Deep neural networks’ seemingly anomalous generalization behaviors, benign overfitting, double descent, and successful overparametrization are neither unique to neural networks nor inherently mysterious. These phenomena can be understood through established frameworks like PAC-Bayes and countable hypothesis bounds. A researcher from New York University presents “soft inductive biases” as a key unifying principle in explaining these phenomena: rather than restricting hypothesis space, this approach embraces flexibility while maintaining a preference for simpler solutions consistent with data. This principle applies across various model classes, showing that deep learning isn’t fundamentally different from other approaches. However, deep learning remains distinctive in specific aspects.
Inductive biases traditionally function as restriction biases that constrain hypothesis space to improve generalization, allowing data to eliminate inappropriate solutions. Convolutional neural networks exemplify this approach by imposing hard constraints like locality and translation equivariance on MLPs through parameter removal and sharing. Soft inductive biases represent a broader principle where certain solutions are preferred without eliminating alternatives that fit the data equally well. Unlike restriction biases with their hard constraints, soft biases guide rather than limit the hypothesis space. These biases influence the training process through mechanisms like regularization and Bayesian priors over parameters.

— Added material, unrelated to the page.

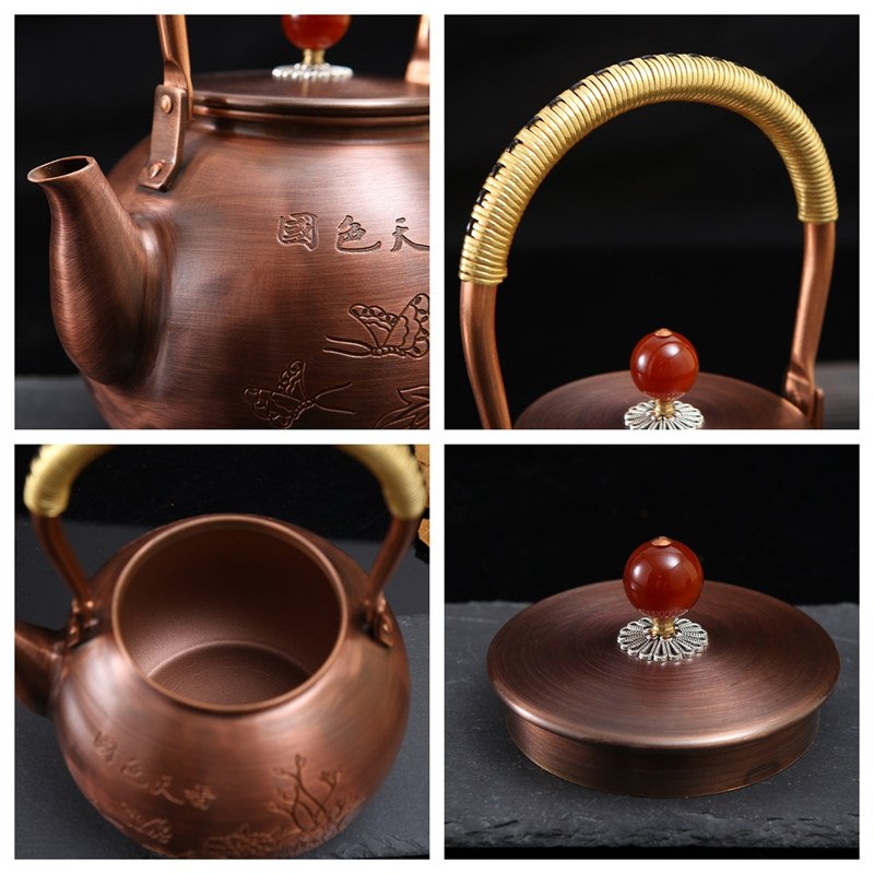 Not only does this teapot serve as a functional brewing tool, but it is also a beautiful decorative piece. The antique copper finish and the intricate butterfly and peony designs make it an eye-catching addition to any home. Place it in your kitchen or dining area for a touch of elegance that will surely impress your guests. For those who appreciate traditional craftsmanship, our Chinese teapot set is an excellent complementary piece to add to your collection.
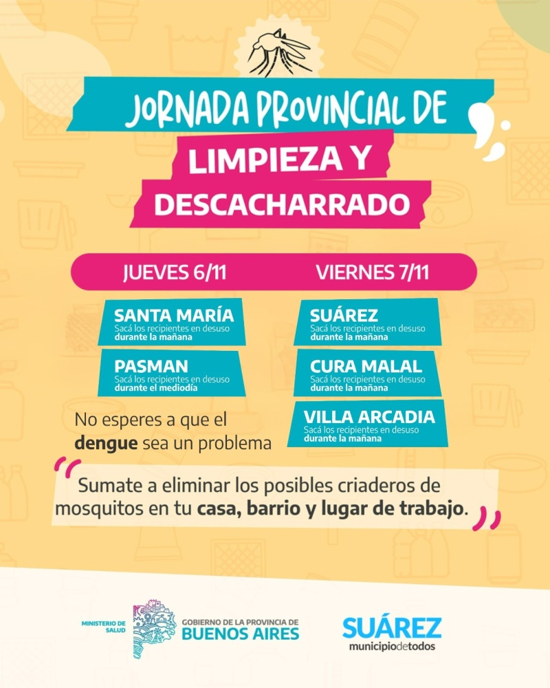 Con el objetivo de prevenir la reproducción del mosquito transmisor del dengue, la Gestión de Gobierno Municipal, a través de la Secretaría de Salud, se suma a la Jornada Provincial de Descacharrado, una acción conjunta impulsada desde el Ministerio de Salud bonaerense.

Embracing flexible hypothesis spaces has complex real-world data structures but requires prior bias toward certain solutions to ensure good generalization. Despite challenging conventional wisdom around overfitting and metrics like Rademacher complexity, phenomena like overparametrization align with the intuitive understanding of generalization. These phenomena can be characterized through long-established frameworks, including PAC-Bayes and countable hypothesis bounds. The concept of effective dimensionality provides additional intuition for understanding behaviors. Frameworks that have shaped conventional generalization wisdom often fail to explain these phenomena, highlighting the value of established alternative methods for understanding modern machine learning‘s generalization properties.
Benign overfitting describes models’ ability to perfectly fit noise while still generalizing well on structured data, showing that capacity for overfitting doesn’t necessarily lead to poor generalization on meaningful problems. Convolutional neural networks could fit random image labels while maintaining strong performance on structured image recognition tasks. This behavior contradicts established generalization frameworks like VC dimension and Rademacher complexity, with the authors claiming no existing formal measure could explain these models’ simplicity despite their enormous size. Another definition for benign overfitting is described as “one of the key mysteries uncovered by deep learning.” However, this isn’t unique to neural networks, as it can be reproduced across various model classes.
Double descent refers to a generalization error that decreases, increases, and then decreases again as model parameters increase. The initial pattern follows the “classical regime” where models capture useful structure but eventually overfit. The second descent occurs in the “modern interpolating regime” after training loss approaches zero. Double descent is shown for a ResNet-18 and a linear model. For the ResNet, cross-entropy loss is seen on CIFAR-100 as the width of each layer increases. As layer width increases in the ResNet or parameters increase in the linear model, both follow similar patterns: Effective dimensionality rises until it reaches the interpolation threshold, then decreases as generalization improves. This phenomenon can be formally tracked using PAC-Bayes bounds.
In conclusion, Overparametrization, benign overfitting, and double descent represent intriguing phenomena deserving continued study. However, contrary to widespread beliefs, these behaviors align with established generalization frameworks, can be reproduced in non-neural models, and can be intuitively understood. This understanding should bridge diverse research communities, preventing valuable perspectives and frameworks from being overlooked. Other phenomena like grokking and scaling laws aren’t presented as evidence for rethinking generalization frameworks or as neural network-specific. Recent research confirms that these phenomena apply to linear models. Moreover, PAC-Bayes and countable hypothesis bounds remain consistent with large language models.